The vehicle tachometer is not very accurate so I used my X3 Power Flash in the monitor mode to read rpm, desired_idle_rpm, and coolant_temp (engine coolant temperature). I observed that as the coolant_temp increased the desired_idle_rpm decreased gradually to 736 rpm and rpm decreased to 750 rpm with the transmission in Park and the air conditioner compressor not engaged. I experimented with the idle adjustment and the IAC valve connector and learned that the IAC valve controlled idle speed was approximately 200 rpm greater than the idle speed with the IAC valve electrical connector disconnected. I also noticed that actual rpm was approximately 20 rpm greater than desired_idle_rpm. I believe that Ford suggests for a stock engine to adjust the idle speed to 500 rpm with the IAC valve disconnected. Many engine performance modifications detract from a low speed smooth idle. In my case, 550 rpm was much smoother than 500 rpm and resulted in a 750 rpm IAC valve controlled idle. I do not recommend an IAC valve controlled idle speed greater than 850 rpm for vehicles with an automatic transmission. More than that will increase brake wear and transmission fluid temperature and decrease fuel economy. When I selected Drive from Park, the desired_idle_rpm slowly decreased from 736 rpm to 688 rpm. When I switched on the air conditioner the desired_idle_rpm increased.

My revised version of the Ford procedure is as follows:

1) Determine the PCM desired idle speed. Often your tuner will know. If it's not tuned and you don’t have a scanner or data logger to read the parameter then assume 700 rpm. This will be your target idle rpm. You do not want the throttle stop adjustment to conflict with the PCM controlled IAC valve.
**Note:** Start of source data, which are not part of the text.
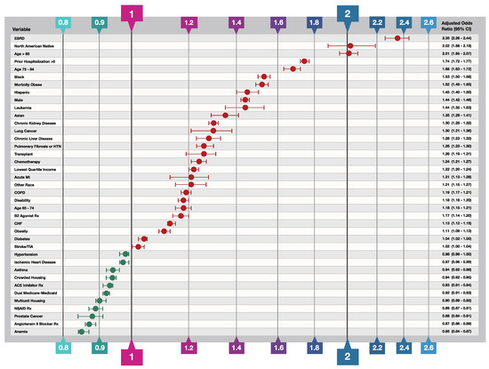 Logistic regression adjusted odds ratios identifying predictors of hospitalization and death at the individual level are presented in Figure 1 and Figure 2, respectively. The hospitalization model achieved an Area Under the Receiver Operating Characteristic curve (AUROC) of 0.66 (balanced accuracy 0.61 using threshold 0.50) while the death model achieved an AUROC of 0.71 (balanced accuracy 0.65 using threshold 0.50). Variables excluded from the models based on the specified selection criteria to remove insignificant variables are listed in the legends of Figure 1 and Figure 2.
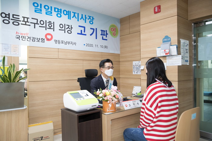 [시민일보 = 여영준 기자] 서울 영등포구의회 고기판 의장이 지난 10일 국민건강보험공단 영등포남부지사 일일명예지사장으로 위촉돼 현장 민원업무를 체험하는 시간을 보냈다.
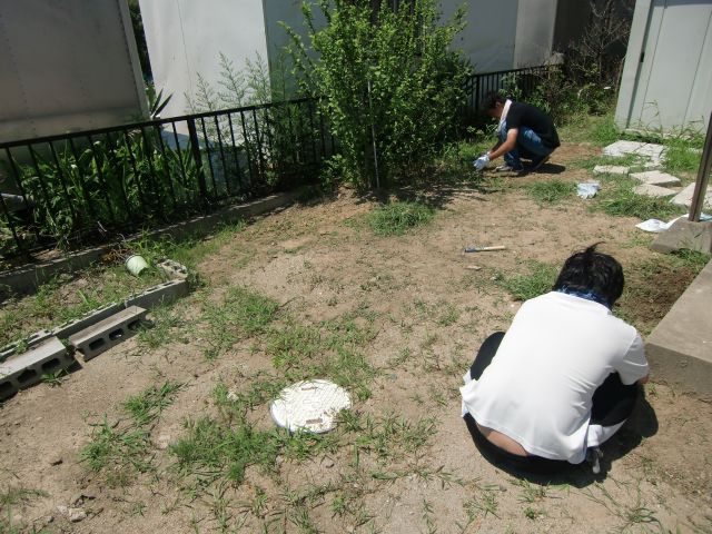 ボランティアハウスの敷地で草取りをした後に、若林区内で暮らす高齢者の方のお手伝いとして、4人で1時間半ほどかけて、草取りを行いました。
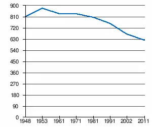 - 1 2 (sr + en) « Livre 20 : Vue d'ensemble comparative de la population en 1948, 1953, 1961, 1971, 1981, 1991, 2002 et 2011, données par localités) » [PDF], pages du recensement de 2011 en Serbie - Institut de statistique de la république de Serbie, (consulté le )
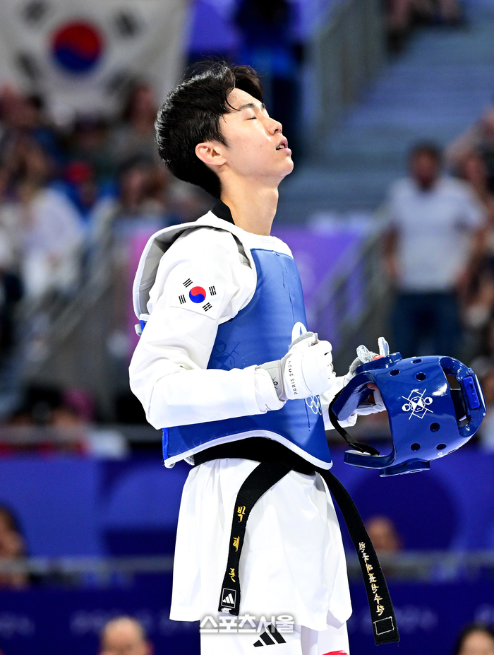 대한민국 태권도 국가대표 박태준이 7일(한국 시간) 프랑스 파리 그랑팔레에서 열린 2024 파리올림픽 태권도 남자 58㎏급 준결승전에서 모하메드 칼릴 젠두비(튀니지)를 상대로 승리한 뒤 세리머니를 하고 있다. 2024.8.7
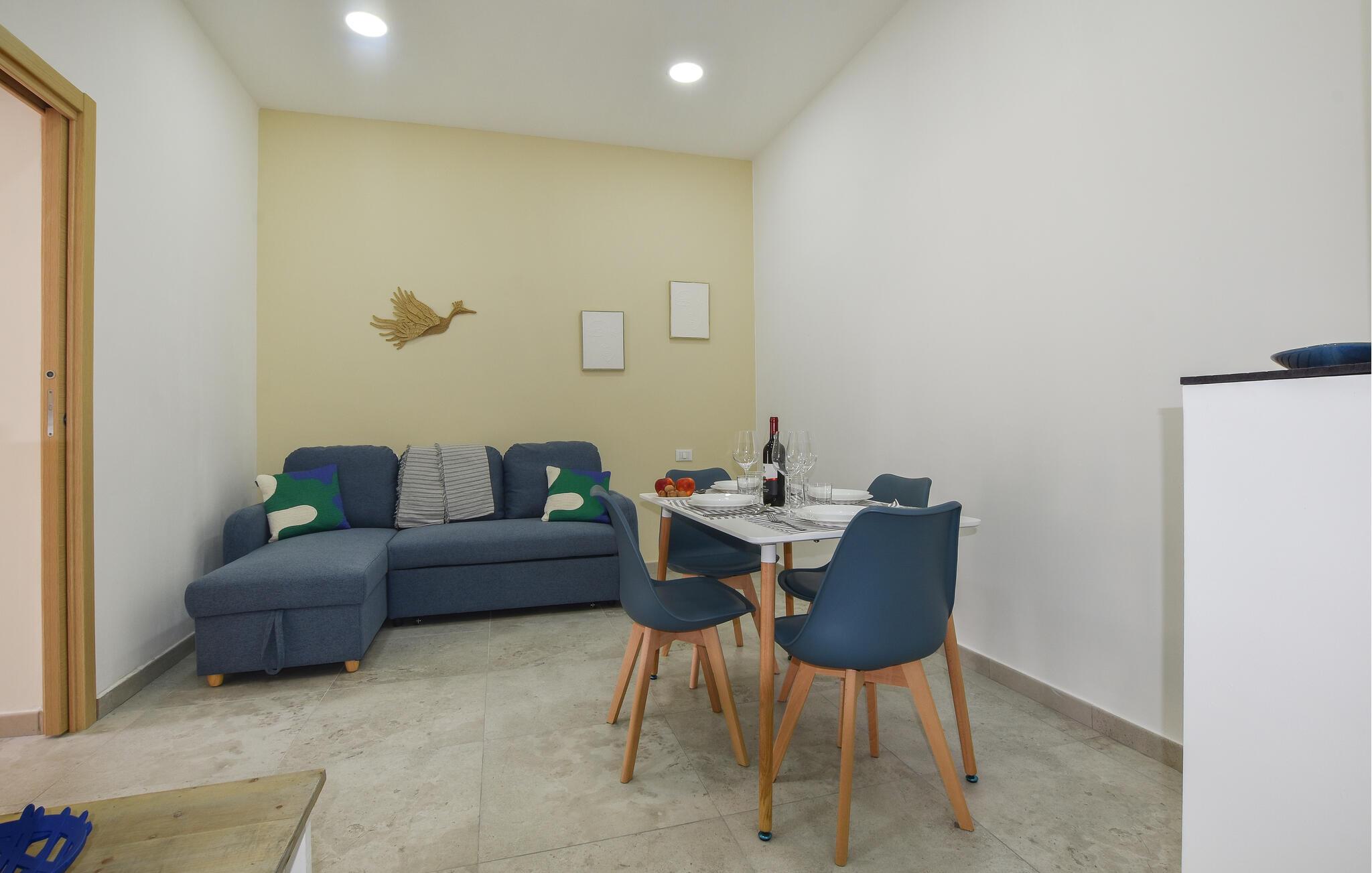 Dette indbydende dobbelthus ligger kun en kort gåtur fra den fine sandstrand og tilbyder jer et velholdt midlertidigt hjem, mens I opdager Siciliens kultur, natur og gastronomi. Planlæg jeres aktiviteter over afslappede måltider og slap af efter en begivenhedsrig dag på sofaen eller nyd et brætspil.

2) Start the engine and wait for the engine coolant temperature to reach normal operating temperature as indicated on the instrument panel or by OBD monitor. This will take several minutes or longer if a cold start.

3) Disconnect the IAC valve electrical connector. If the engine stops, turn the throttle-stop screw in one full turn, reconnect the IAC valve electrical connector and restart the engine.

4) Repeat step 3 above until the engine continues to run when the IAC valve electrical connector is disconnected.

5) Turn the throttle stop screw to adjust the idle speed to the target rpm minus 200 rpm.

6) Reconnect the IAC valve electrical connector. The engine speed will briefly flare and then settle. Compare the idle rpm to the target rpm. If satisfactory proceed to step 7. Otherwise, disconnect the IAC valve electrical connector, adjust screw accordingly, then reconnect connector and recompare.

7) Turn the ignition Off.

8) Disconnect the negative terminal of the battery cable from the battery. Turn the headlight switch On for 3 minutes then Off and reconnect the battery. This clears stored idle settings and fuel trims.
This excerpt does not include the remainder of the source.